The key part of the package is located in the inst folder, where sql files are stored that can be used for 3 sql dialects: postgresql, bigquery, redshift.

SQL files are wrapped in R functions. The main function, the only one that is exported is createRegimens, which has a side effect of creating a regimenIngredientTable in writeDatabaseSchema. R files createFunctions and Utilits are a set of helper functions for createRegimens.

The extras folder contains the CodeToRun.R file, which contains a set of requirements and necessary arguments for calling the key function of the package.

Algorithm for the formation of regimenIngredientTable.

CohortBuild.sql

At the first stage, all use cases of patients receiving antineoplastic therapy are collected using the DrugEra table.

RegimenCalculation.sql

Further, several successive data transformations take place to obtain ingredients grouped by dates, which will subsequently be combined into modes. Add_groups temporary table includes grouped data with highlighting the minimum start date of treatment and left join according to the start of therapy “r2.ingredient_start_date <= (r1.ingredient_start_date) and r2.ingredient_start_date> = (r1.ingredient_start_date - 30)” Thus, a table is obtained grouped according to the beginning of therapy with the capture of the 30-day interval.
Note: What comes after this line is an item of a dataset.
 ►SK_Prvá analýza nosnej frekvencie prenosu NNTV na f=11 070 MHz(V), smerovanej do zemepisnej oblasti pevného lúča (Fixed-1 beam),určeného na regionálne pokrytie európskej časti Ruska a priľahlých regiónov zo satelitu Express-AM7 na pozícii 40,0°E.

Next, a temporary regimens table is formed, where ingredient (1) is marked, the date of which corresponds to the minimum value in the group Then the regimens_to_keep table is formed, which selects records with label 1; then there is a union of the original table and regimens _to_keep, followed by the formation of regimenTable.

RawEvents.sql

Optional script that generates a table using interests and oncology of interest for possible further analysis Includes following columns: start_date, concept_name, drug_exposure_id, person_id, drug_concept_id, drug_exposure_start_date, drug_type_concept_id, days_supply, route_concept_id, visit_occurrence_id, drug_source_value, drug_source_concept_id, route_source_value, dose_unit_source_value

RegimenVocabulary.sql

An optional script, the task of which is to find a match between the found mode and the mode in HemOnc selection (need to make sure that you have apdated hemonc vocabulary)

RegimenFormat.sql (optionally with or without hemonc vocabulary)
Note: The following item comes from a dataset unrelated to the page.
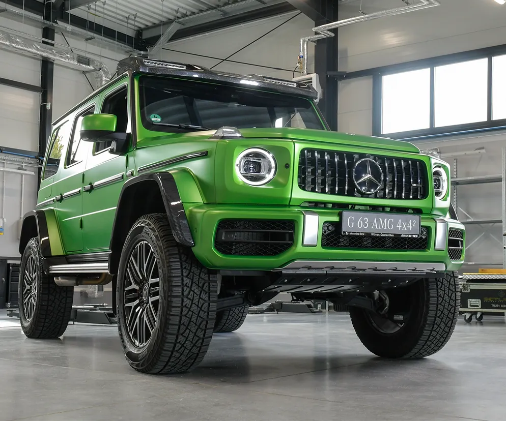 Goście spędzili wyjątkowy wieczór w towarzystwie kultowego 300 SEL (Rote Sau), z wzmocnionym silnikiem o mocy 428 KM, Mercedesem 190 (W201), zwanym również "Baby-Hammer" z 6-cylindrową jednostką o pojemności 3,2 litra, oraz legendarnym C124 "Hammer" z 5,5-litrowym motorem V8 – oba modele biją dziś rekordy cen na aukcjach kolekcjonerskich youngtimerów. Na gości czeka też pokazowa maszyna DTM przygotowana przez AMG oraz SLS E-Cell, czyli elektryczny Gullwing. Ten ostatni zamiast silnika V8, ma cztery jednostki elektryczne, po jednej na każde koło. W efekcie pierwszy elektryk od AMG, zaprezentowany równo 10 lat temu, potrzebuje 3,8 sekundy od 0 do 100 km/h i zaledwie 11 sekund, by rozpędzić się od 0 do 200 km/h. Wisienką na torcie była polska premiera nowego G 63 4x4, czyli hardkorowego i potwornie mocnego wydania kultowej G Klasy.

Then the ingredients are aggregated into one cell according to the same therapy start date and number. Then the max end date of ingredient will be put as the end of the regimen

*********

-----------------INSTRUCTIONS -------------------------

*********

How to Run the Study

  1. In R, you will build an .Renviron file. An .Renviron is an R environment file that sets variables you will be using in your code. It is encouraged to store these inside your environment so that you can protect sensitive information. Below are brief instructions on how to do this:
# The code below makes use of R environment variables (denoted by "Sys.getenv(<setting>)") to 
# allow for protection of sensitive information. If you'd like to use R environment variables stored
# in an external file, this can be done by creating an .Renviron file in the root of the folder
# where you have cloned this code. For more information on setting environment variables please refer to: 
# https://stat.ethz.ch/R-manual/R-devel/library/base/html/readRenviron.html
#
# Below is an example .Renviron file's contents: (please remove)
# the "#" below as these too are interprted as comments in the .Renviron file:
#
#    DBMS = "postgresql"
#    DB_SERVER = "database.server.com"
#    DB_PORT = 5432
#    DB_USER = "database_user_name_goes_here"
#    DB_PASSWORD = "your_secret_password"
#    FFTEMP_DIR = "E:/fftemp"
#    USE_SUBSET = FALSE
#    CDM_SCHEMA = "your_cdm_schema"
#    COHORT_SCHEMA = "public"  # or other schema to write intermediate results to
#    PATH_TO_DRIVER = "/path/to/jdbc_driver"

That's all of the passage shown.